Bugün Amerika’nın en önemli dış sorunu Suriye, Esad düşündükleri gibi kısa zamanda gitmedi, hâlâ orada. Pandora kutusunu açıp bir de başlarına DAEŞ derdini aldılar. Çesitli nedenlerle Amerika’nın Suriye’ye, örneğin Irak’ta olduğu gibi yığınlarca asker göndermesi söz konusu bile değil. DAEŞ’in ise yalnız havadan bombalarla ortadan kaldırılması imkansıza yakın, mutlaka sahada asker lazım. Bu iş bölünmüş Suriye halkı veya PYD ile olamıyor, sayıları yetersiz. PYD bizim sınır boyunca işgal ettiği yerleri elinde tutabilmek için bile Irak’tan gelen peşmergelere ihtiyacı var, ülkenin içine girip etkin olarak savaşması imkansız.

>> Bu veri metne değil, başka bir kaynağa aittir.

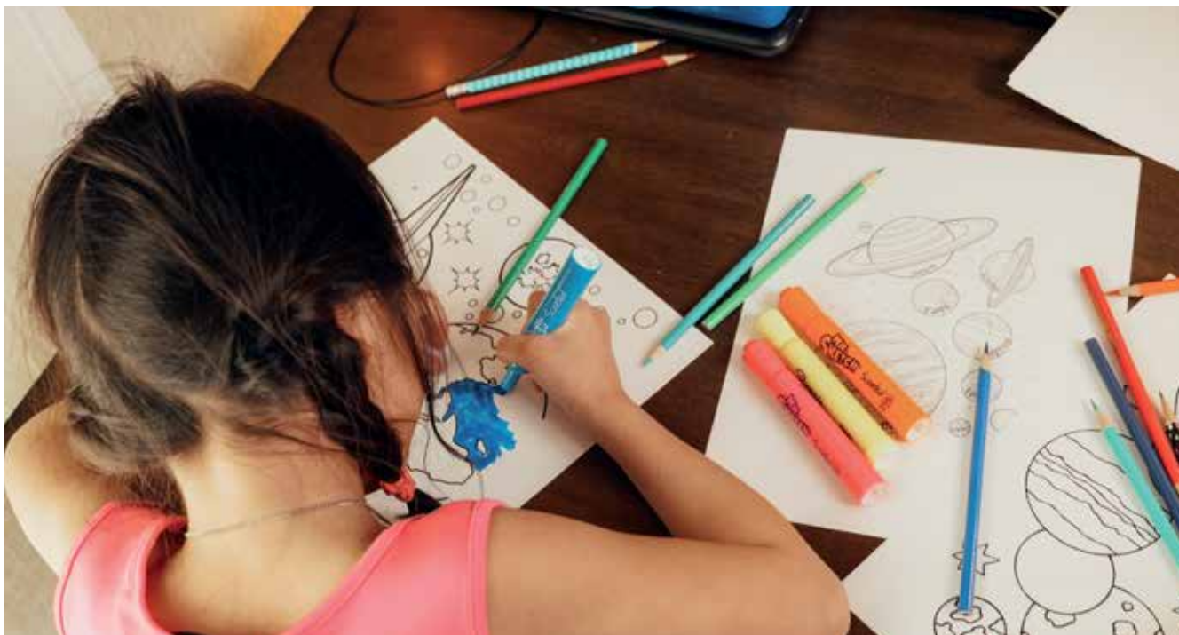
▲ 'El programa de junio y septiembre no lectivo 2023' consiste en un conjunto de actividades lúdicas, incluyendo juegos y talleres grupales para los niños.

El programa de Las tardes de junio y septiembre 2023 es un recurso municipal para ayudar a conciliar la vida laboral y familiar durante ambos meses, ya que en estos períodos los colegios tienen horario continuo y la salida de los centros se adelanta una hora. Este programa va dirigido a todo el alumnado escolarizado en los colegios públicos de Educación Infantil y Primaria del municipio y no incluye merienda.

Amerika’nin baskısıyla Erdoğan şimdiye kadar birçok kez bizim ordunun Suriye’ye müdahale etmesini istedi ama buna en büyük direnç yine bizim ordudan geldi. Başarısız bir darbe girişimi sonrasında ordunun aynı direnci göstermemesi, gösterememesi muhtemel. Amerika, Rıza Sarraf dosyası ve hiç değilse bunun kadar önemli başka dosya nedeniyle Erdoğan’a daha da fazla baskı yapabilecek konuma gelmiş durumda. Yani Erdoğan bu kez orduya “haydi Suriye’ye“ emrini uygulatabilir.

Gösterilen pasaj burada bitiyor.